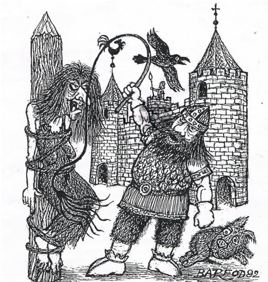
Ridder Troels på Kokseby Slot, blev spået af en heks, at han skulle dræbe sine egne sønner!!!

"Ikke vil vi være tre røveres viv! Langt heller vil vi miste vort unge liv!"
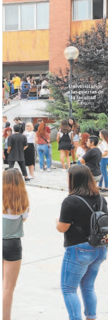
Universitarios a las puertas de la facultad // Rolo.roz
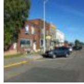
in Park Falls
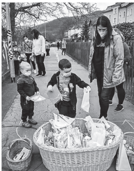
Velikonoce na plotě.

I přesto, že byla MŠ uzavřena, se paní učitelky rozhodly dětem přichystat „Velikonoce na plotě“, a také je alespoň na chvíli vidět a popovídat si s nimi! Za běžného chodu bychom si velikonoční období společně užívali, bohužel to situace nedovolovala. Ve čtvrtek 1. dubna na děti na školkovém plotě čekaly velikonoční úkoly – děti počítaly velikonoční vajíčka a určovaly jejich barvy, skákaly jako zajíčci, spojovaly stejné kraslice, zpívaly velikonoční koledy, hle-
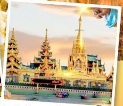
เจดีย์กลางน้ำ (สิเรียม)
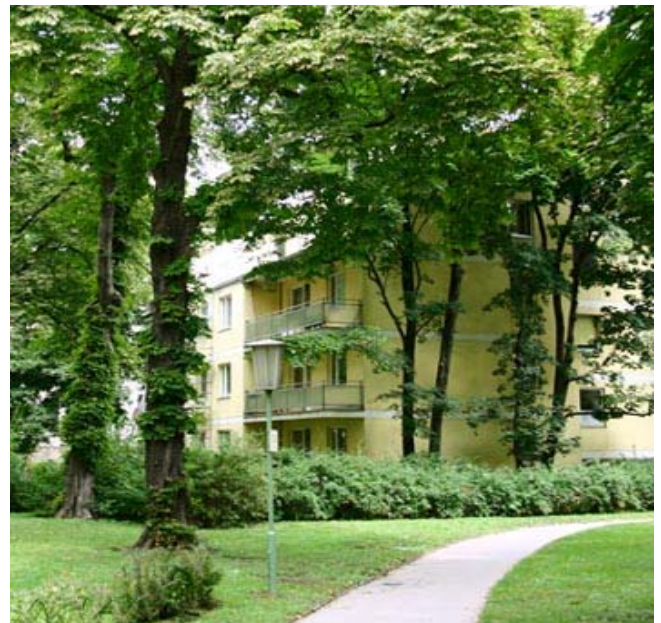
Das grüne Blätterdach filtert Staub und Schadstoffe

Sie bieten zahlreichen Tieren ein Zuhause, die uns durch ihren Gesang erfreuen oder auf der Jagd nach Schädlingen das biologische Gleichgewicht im Garten erhalten.

* [WHAT IS NEEDED]: What lines in the data include the string "plotě"? Copy each one.

* [RESULT OF THE EXERCISE]:
Velikonoce na plotě.
I přesto, že byla MŠ uzavřena, se paní učitelky rozhodly dětem přichystat „Velikonoce na plotě“, a také je alespoň na chvíli vidět a popovídat si s nimi! Za běžného chodu bychom si velikonoční období společně užívali, bohužel to situace nedovolovala. Ve čtvrtek 1. dubna na děti na školkovém plotě čekaly velikonoční úkoly – děti počítaly velikonoční vajíčka a určovaly jejich barvy, skákaly jako zajíčci, spojovaly stejné kraslice, zpívaly velikonoční koledy, hle-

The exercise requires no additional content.